Dès le début du procès, les avocats du général Rios Montt ont multiplié les incidents et les manoeuvres dilatoires. Le patronat, les anciens officiers et plusieurs médias influents ont organisé la contre-offensive, niant qu’un génocide ait eu lieu au Guatemala lors du « conflit armé » entre les militaires et la guérilla communiste. Le président du Guatemala, le général Otto Pérez Molina, a défendu la même position.
Commandant une garnison dans la province du Quiché pendant la guerre civile, il a été accusé de violations des droits de l’homme par un témoin, un ancien militaire, lors du procès. La comparution d’un autre témoin, le journaliste américain Allan Nairn, a été annulée au dernier moment. Selon ce reporter, qui a couvert le conflit guatémaltèque dans les années 1980, la responsabilité de Rios Montt dans les massacres d’Indiens Mayas n’est pas la seule engagée.
Politique de terre brûlée
Allan Nairn ne cachait pas qu’il allait mettre en cause le président Pérez Molina et le soutien des diplomates américains et de la CIA à la politique de terre brûlée du général Rios Montt. Engagé dans une guerre secrète contre le Nicaragua sandiniste, le président Ronald Reagan appuyait le général Rios Montt, qu’il considérait comme « un homme d’une grande intégrité, totalement dévoué à la démocratie » ! Loin de dénoncer les massacres commis par l’armée guatémaltèque, Elliot Abrams, le responsable des droits de l’homme au département d’Etat, vantait le bilan de Rios Montt.

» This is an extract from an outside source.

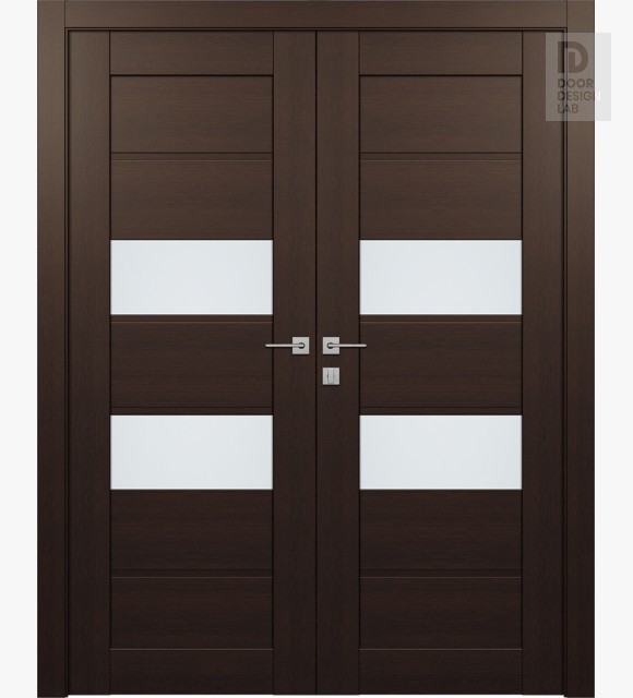 Dessa Vetro provides 4 square panels with 2 lites of 9 1/8" width divided by double lock rail. Panels are made from MDF to provide privacy and reduce sound transmission through your home. Engineered stiles and rails inside the pine frame create strong and sturdy door.

En Haïti, les avocats de l’ancien dictateur Jean-Claude Duvalier ont souligné les ambiguïtés de la communauté internationale. Pourquoi « Bébé Doc » n’a-t-il pas été poursuivi en France pour les crimes contre l’humanité qui lui sont reprochés ? De sa fuite en février 1986 à son retour en Haïti, en janvier 2011, il a vécu vingt-cinq ans en exil en France, sans être inquiété. Face aux témoignages des victimes qui ont décrit les tortures, les assassinats et les disparitions, les défenseurs de l’ancien dictateur ont ressorti les rapports du département d’Etat américain faisant état de « progrès » à la fin des années 1970.
Aux côtés d’Amnesty International et de Human Rights Watch, la haut-commissaire des Nations unies pour les droits humains, Navi Pillay, a insisté pour que Jean-Claude Duvalier soit jugé pour crimes contre l’humanité et non pas seulement pour corruption et détournement de fonds, comme l’avait décidé un juge d’instruction. Au même moment, le secrétaire général de l’ONU, Ban Ki-moon, déclarait irrecevables les plaintes déposées contre l’organisation pour l’introduction du choléra en Haïti. Deux poids, deux mesures en matière d’impunité, entendait-on en Haïti, où l’épidémie a fait plus de 8 100 morts depuis 2010. Selon plusieurs études scientifiques, le choléra a été introduit en Haïti par des casques bleus népalais.
Le courage des victimes pour mettre fin à l’impunité se heurte au manque de volonté politique du président haïtien Michel Martelly, prêt à passer l’éponge au nom de la « réconciliation nationale ». Au Guatemala comme en Haïti, les plaignants ne veulent pas de dédommagement. Juste dire ce qui a été « afin que ça ne se reproduise plus ».